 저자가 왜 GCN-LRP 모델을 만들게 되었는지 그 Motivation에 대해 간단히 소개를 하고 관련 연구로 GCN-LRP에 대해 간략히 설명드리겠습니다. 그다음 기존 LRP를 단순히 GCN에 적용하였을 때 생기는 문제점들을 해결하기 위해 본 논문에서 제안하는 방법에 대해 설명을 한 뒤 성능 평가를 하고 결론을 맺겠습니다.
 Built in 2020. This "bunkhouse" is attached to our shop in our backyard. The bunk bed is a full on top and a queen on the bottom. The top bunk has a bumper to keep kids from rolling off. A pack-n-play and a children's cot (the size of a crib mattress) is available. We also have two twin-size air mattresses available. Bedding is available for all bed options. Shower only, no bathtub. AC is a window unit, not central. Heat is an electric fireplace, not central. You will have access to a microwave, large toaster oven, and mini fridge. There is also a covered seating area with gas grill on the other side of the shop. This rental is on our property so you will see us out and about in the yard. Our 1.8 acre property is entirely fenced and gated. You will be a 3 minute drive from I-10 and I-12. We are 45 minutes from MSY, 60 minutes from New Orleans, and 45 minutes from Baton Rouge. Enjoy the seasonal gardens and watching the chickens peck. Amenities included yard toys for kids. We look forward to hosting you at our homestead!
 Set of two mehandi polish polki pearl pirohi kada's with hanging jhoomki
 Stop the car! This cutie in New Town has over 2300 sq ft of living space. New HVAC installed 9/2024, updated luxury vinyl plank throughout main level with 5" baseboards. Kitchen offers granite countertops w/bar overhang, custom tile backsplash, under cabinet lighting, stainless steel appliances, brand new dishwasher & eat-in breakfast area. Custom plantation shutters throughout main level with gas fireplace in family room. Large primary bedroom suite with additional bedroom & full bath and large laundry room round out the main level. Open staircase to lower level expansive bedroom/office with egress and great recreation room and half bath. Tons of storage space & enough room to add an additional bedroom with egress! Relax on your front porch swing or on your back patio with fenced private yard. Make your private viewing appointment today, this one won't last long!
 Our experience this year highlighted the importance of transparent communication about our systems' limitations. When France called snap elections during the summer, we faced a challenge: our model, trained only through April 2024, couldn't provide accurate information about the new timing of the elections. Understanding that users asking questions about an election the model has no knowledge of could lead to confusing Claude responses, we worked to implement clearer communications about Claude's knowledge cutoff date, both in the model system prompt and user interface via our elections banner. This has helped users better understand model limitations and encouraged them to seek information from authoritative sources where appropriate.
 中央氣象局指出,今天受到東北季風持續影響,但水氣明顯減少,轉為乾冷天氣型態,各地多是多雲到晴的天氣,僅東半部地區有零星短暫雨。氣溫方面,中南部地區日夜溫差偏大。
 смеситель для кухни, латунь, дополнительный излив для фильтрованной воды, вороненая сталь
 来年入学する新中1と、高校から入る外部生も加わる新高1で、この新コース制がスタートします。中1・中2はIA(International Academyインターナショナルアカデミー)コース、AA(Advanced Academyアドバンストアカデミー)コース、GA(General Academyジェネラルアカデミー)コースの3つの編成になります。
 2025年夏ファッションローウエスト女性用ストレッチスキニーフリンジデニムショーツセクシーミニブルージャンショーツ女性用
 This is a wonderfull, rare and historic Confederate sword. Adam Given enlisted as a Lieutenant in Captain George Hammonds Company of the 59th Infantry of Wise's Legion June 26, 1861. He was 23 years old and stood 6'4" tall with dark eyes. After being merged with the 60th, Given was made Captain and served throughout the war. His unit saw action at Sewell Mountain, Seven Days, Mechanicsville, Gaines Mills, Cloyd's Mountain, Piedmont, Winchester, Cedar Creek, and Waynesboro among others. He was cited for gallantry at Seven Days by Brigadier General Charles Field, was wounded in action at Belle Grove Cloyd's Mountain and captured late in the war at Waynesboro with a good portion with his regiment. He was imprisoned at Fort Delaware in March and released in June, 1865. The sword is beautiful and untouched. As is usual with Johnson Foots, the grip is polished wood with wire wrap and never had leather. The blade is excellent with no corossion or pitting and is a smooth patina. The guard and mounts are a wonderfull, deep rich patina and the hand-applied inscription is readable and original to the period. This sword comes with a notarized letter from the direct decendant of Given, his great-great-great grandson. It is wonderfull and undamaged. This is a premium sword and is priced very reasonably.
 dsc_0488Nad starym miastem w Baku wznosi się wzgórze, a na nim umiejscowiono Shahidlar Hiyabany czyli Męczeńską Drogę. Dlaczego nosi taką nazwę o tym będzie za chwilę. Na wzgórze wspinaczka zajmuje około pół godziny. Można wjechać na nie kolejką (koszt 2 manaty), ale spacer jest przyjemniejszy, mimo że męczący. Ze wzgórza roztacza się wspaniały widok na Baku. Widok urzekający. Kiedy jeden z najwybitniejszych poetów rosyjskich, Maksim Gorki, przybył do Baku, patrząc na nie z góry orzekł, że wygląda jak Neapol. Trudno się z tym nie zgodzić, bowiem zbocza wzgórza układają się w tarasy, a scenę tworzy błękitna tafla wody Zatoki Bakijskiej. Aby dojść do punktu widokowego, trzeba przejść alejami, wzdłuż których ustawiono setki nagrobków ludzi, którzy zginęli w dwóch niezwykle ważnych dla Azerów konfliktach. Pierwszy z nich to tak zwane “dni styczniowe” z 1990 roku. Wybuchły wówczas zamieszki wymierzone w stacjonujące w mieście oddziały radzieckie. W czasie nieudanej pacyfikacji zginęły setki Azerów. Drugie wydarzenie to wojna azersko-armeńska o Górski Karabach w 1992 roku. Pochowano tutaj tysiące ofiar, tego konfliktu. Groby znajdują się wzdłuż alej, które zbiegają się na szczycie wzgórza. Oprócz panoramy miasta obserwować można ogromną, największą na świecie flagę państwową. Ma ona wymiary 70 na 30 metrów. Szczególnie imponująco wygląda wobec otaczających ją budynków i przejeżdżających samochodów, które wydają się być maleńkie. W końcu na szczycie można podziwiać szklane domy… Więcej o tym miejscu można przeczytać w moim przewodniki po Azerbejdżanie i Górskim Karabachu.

§ TASK GOAL:
The full set of records above is to be printed exactly as it appears.

§ OUTPUT FOR THIS TASK:
 저자가 왜 GCN-LRP 모델을 만들게 되었는지 그 Motivation에 대해 간단히 소개를 하고 관련 연구로 GCN-LRP에 대해 간략히 설명드리겠습니다. 그다음 기존 LRP를 단순히 GCN에 적용하였을 때 생기는 문제점들을 해결하기 위해 본 논문에서 제안하는 방법에 대해 설명을 한 뒤 성능 평가를 하고 결론을 맺겠습니다.
 Built in 2020. This "bunkhouse" is attached to our shop in our backyard. The bunk bed is a full on top and a queen on the bottom. The top bunk has a bumper to keep kids from rolling off. A pack-n-play and a children's cot (the size of a crib mattress) is available. We also have two twin-size air mattresses available. Bedding is available for all bed options. Shower only, no bathtub. AC is a window unit, not central. Heat is an electric fireplace, not central. You will have access to a microwave, large toaster oven, and mini fridge. There is also a covered seating area with gas grill on the other side of the shop. This rental is on our property so you will see us out and about in the yard. Our 1.8 acre property is entirely fenced and gated. You will be a 3 minute drive from I-10 and I-12. We are 45 minutes from MSY, 60 minutes from New Orleans, and 45 minutes from Baton Rouge. Enjoy the seasonal gardens and watching the chickens peck. Amenities included yard toys for kids. We look forward to hosting you at our homestead!
 Set of two mehandi polish polki pearl pirohi kada's with hanging jhoomki
 Stop the car! This cutie in New Town has over 2300 sq ft of living space. New HVAC installed 9/2024, updated luxury vinyl plank throughout main level with 5" baseboards. Kitchen offers granite countertops w/bar overhang, custom tile backsplash, under cabinet lighting, stainless steel appliances, brand new dishwasher & eat-in breakfast area. Custom plantation shutters throughout main level with gas fireplace in family room. Large primary bedroom suite with additional bedroom & full bath and large laundry room round out the main level. Open staircase to lower level expansive bedroom/office with egress and great recreation room and half bath. Tons of storage space & enough room to add an additional bedroom with egress! Relax on your front porch swing or on your back patio with fenced private yard. Make your private viewing appointment today, this one won't last long!
 Our experience this year highlighted the importance of transparent communication about our systems' limitations. When France called snap elections during the summer, we faced a challenge: our model, trained only through April 2024, couldn't provide accurate information about the new timing of the elections. Understanding that users asking questions about an election the model has no knowledge of could lead to confusing Claude responses, we worked to implement clearer communications about Claude's knowledge cutoff date, both in the model system prompt and user interface via our elections banner. This has helped users better understand model limitations and encouraged them to seek information from authoritative sources where appropriate.
 中央氣象局指出,今天受到東北季風持續影響,但水氣明顯減少,轉為乾冷天氣型態,各地多是多雲到晴的天氣,僅東半部地區有零星短暫雨。氣溫方面,中南部地區日夜溫差偏大。
 смеситель для кухни, латунь, дополнительный излив для фильтрованной воды, вороненая сталь
 来年入学する新中1と、高校から入る外部生も加わる新高1で、この新コース制がスタートします。中1・中2はIA(International Academyインターナショナルアカデミー)コース、AA(Advanced Academyアドバンストアカデミー)コース、GA(General Academyジェネラルアカデミー)コースの3つの編成になります。
 2025年夏ファッションローウエスト女性用ストレッチスキニーフリンジデニムショーツセクシーミニブルージャンショーツ女性用
 This is a wonderfull, rare and historic Confederate sword. Adam Given enlisted as a Lieutenant in Captain George Hammonds Company of the 59th Infantry of Wise's Legion June 26, 1861. He was 23 years old and stood 6'4" tall with dark eyes. After being merged with the 60th, Given was made Captain and served throughout the war. His unit saw action at Sewell Mountain, Seven Days, Mechanicsville, Gaines Mills, Cloyd's Mountain, Piedmont, Winchester, Cedar Creek, and Waynesboro among others. He was cited for gallantry at Seven Days by Brigadier General Charles Field, was wounded in action at Belle Grove Cloyd's Mountain and captured late in the war at Waynesboro with a good portion with his regiment. He was imprisoned at Fort Delaware in March and released in June, 1865. The sword is beautiful and untouched. As is usual with Johnson Foots, the grip is polished wood with wire wrap and never had leather. The blade is excellent with no corossion or pitting and is a smooth patina. The guard and mounts are a wonderfull, deep rich patina and the hand-applied inscription is readable and original to the period. This sword comes with a notarized letter from the direct decendant of Given, his great-great-great grandson. It is wonderfull and undamaged. This is a premium sword and is priced very reasonably.
 dsc_0488Nad starym miastem w Baku wznosi się wzgórze, a na nim umiejscowiono Shahidlar Hiyabany czyli Męczeńską Drogę. Dlaczego nosi taką nazwę o tym będzie za chwilę. Na wzgórze wspinaczka zajmuje około pół godziny. Można wjechać na nie kolejką (koszt 2 manaty), ale spacer jest przyjemniejszy, mimo że męczący. Ze wzgórza roztacza się wspaniały widok na Baku. Widok urzekający. Kiedy jeden z najwybitniejszych poetów rosyjskich, Maksim Gorki, przybył do Baku, patrząc na nie z góry orzekł, że wygląda jak Neapol. Trudno się z tym nie zgodzić, bowiem zbocza wzgórza układają się w tarasy, a scenę tworzy błękitna tafla wody Zatoki Bakijskiej. Aby dojść do punktu widokowego, trzeba przejść alejami, wzdłuż których ustawiono setki nagrobków ludzi, którzy zginęli w dwóch niezwykle ważnych dla Azerów konfliktach. Pierwszy z nich to tak zwane “dni styczniowe” z 1990 roku. Wybuchły wówczas zamieszki wymierzone w stacjonujące w mieście oddziały radzieckie. W czasie nieudanej pacyfikacji zginęły setki Azerów. Drugie wydarzenie to wojna azersko-armeńska o Górski Karabach w 1992 roku. Pochowano tutaj tysiące ofiar, tego konfliktu. Groby znajdują się wzdłuż alej, które zbiegają się na szczycie wzgórza. Oprócz panoramy miasta obserwować można ogromną, największą na świecie flagę państwową. Ma ona wymiary 70 na 30 metrów. Szczególnie imponująco wygląda wobec otaczających ją budynków i przejeżdżających samochodów, które wydają się być maleńkie. W końcu na szczycie można podziwiać szklane domy… Więcej o tym miejscu można przeczytać w moim przewodniki po Azerbejdżanie i Górskim Karabachu.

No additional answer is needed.